No ano de 2011, o pai da fotógrafa e escritora Caroline Furneaux faleceu subitamente. Na sequência desse trágico acontecimento, a artista descobriu, entre os pertences do pai, uma caixa que parecia conter um conjunto de segredos acerca do seu passado. Tratava-se de uma box de slides de 35mm, fotografados pelo próprio Colin na década de 1960, que continha uma série de retratos de mulheres bonitas em lugares idílicos da Suécia. Bibi, Isabelle, Charlotte, Judy, Patricia, Harriet, Pia, Rosa, Maja, Britt, Julie, Marianne, Ebba, Liv... Todas eram desconhecidas de Caroline, excepto Barbro, a mulher que se tornaria a sua mãe, cujo retrato estava entre os demais.
The Mothers I Might Have Had – “As Mães que Poderia Ter Tido”, em tradução livre – é o primeiro livro de Caroline Furneaux e reúne os retratos destas misteriosas e belas mulheres. Quem seriam? Que tipo de relação manteriam com o seu pai? Quem foi Colin antes de conhecer Barbro, a mulher que se tornaria a sua esposa? Que homem foi aquele que existiu antes de Caroline nascer? São questões universais. Saberemos tudo sobre o passado dos nossos pais e mães?
Impunha-se, para a artista, a apropriação das imagens que compõem o arquivo fotográfico do pai.
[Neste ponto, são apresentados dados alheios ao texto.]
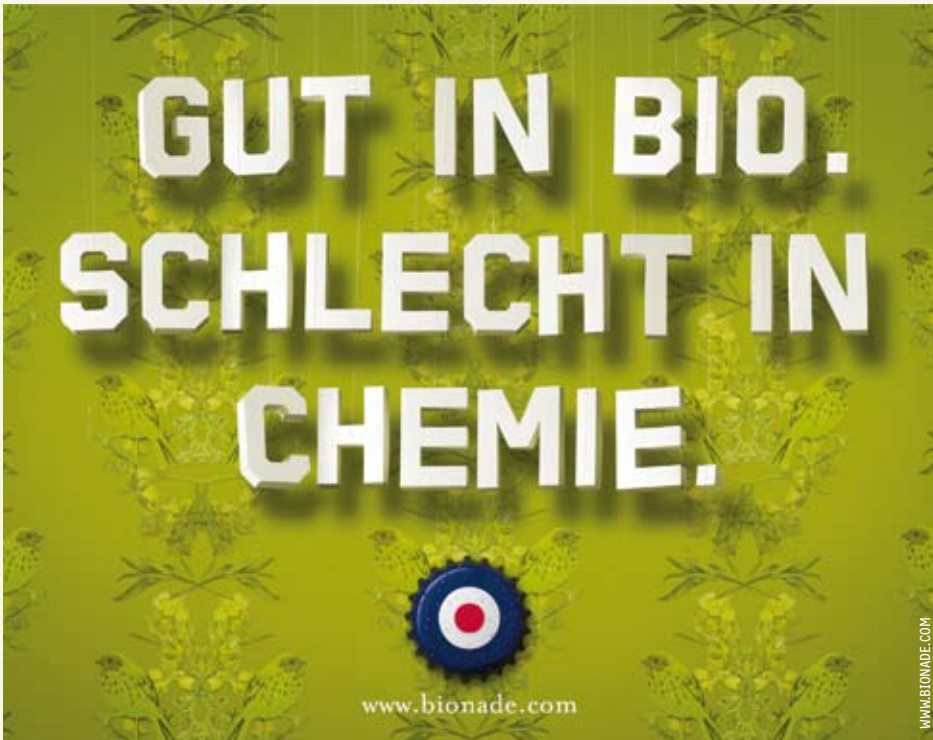
Im Jahr 2008 warb das Unternehmen mit gewitzten Botschaften.

Caroline recortou, reenquadrou, como que guiando a atenção do leitor para os detalhes, misturando-os com as suas observações, que surgem em forma de texto, escrito em verso, junto das imagens.
Em grande plano, o leitor é confrontado com o olhar irritado de Pia, sente o olhar dirigido para a mão que ajusta, languidamente, o biquíni de Rosa, para as jóias que adornam as mãos de Marianne, debruçada sobre o capot de um carro, ou para a capa do disco da Sinfonia nº2 do compositor finlandês Jean Sibelius, que Colin, depois de casar-se, “gostava de ouvir sozinho”, quando a família “desaparecia para a Suécia nas férias grandes”. O leitor percebe que aquele disco já existia antes de Caroline e que os momentos solitários que Colin passava a escutar aquele disco poderiam ser de imersão no passado, nas suas memórias.
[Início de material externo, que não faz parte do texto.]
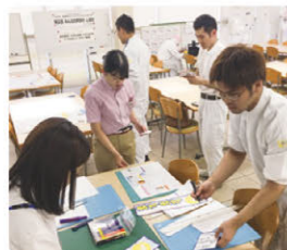
MY委員会による壁新聞づくり

“Escrutino este homem jovem que é um estranho para mim”, lê-se junto de um dos dois retratos de Colin que constam no livro, quase já no final. “Ele parece alto e esguio, com uma franja de cabelo puxada | para um só lado sobre a testa. | (O estilo que ele manteria para o resto da vida.) | Ele parece tão confiante diante da câmara quanto | ele é por detrás dela.” Teria na imagem, segundo a autora, 28 anos, “quase 29”. “Três anos antes de conhecer a sua futura esposa”, a sua mãe, identifica. Após a morte do pai, a relação que existia entre pai e filha continuou, surpreendentemente, a amadurecer, a moldar-se face às revelações post mortem.
Conhecemos Barbro nas últimas páginas. Surge, em biquíni, jovem, bela, feliz. O leitor sente que, por fim, se cumpriu o destino de Colin, após aquele longo caminho marcado por rostos, corpos, verões, histórias, peripécias. “Quando vi este slide [da minha mãe] assumi | que tinha sido tirado depois de casarem”, escreve Caroline. “Mas quando lhe perguntei, ela disse-me | que foi tirada antes do casamento.” Aliás, Barbro lembrava-se que, no dia seguinte, teria pedido Colin em casamento.
O livro, que assume por vezes um tom melancólico (mas nunca desinteressante), termina com um toque de humor, de ironia, que lembra que, apesar da morte, da dúvida que pode subsistir, a vida continua. A artista perguntou à mãe como é que as fotografias do arquivo do pai a faziam sentir: “Devias ter visto os namorados que eu tive”, respondeu.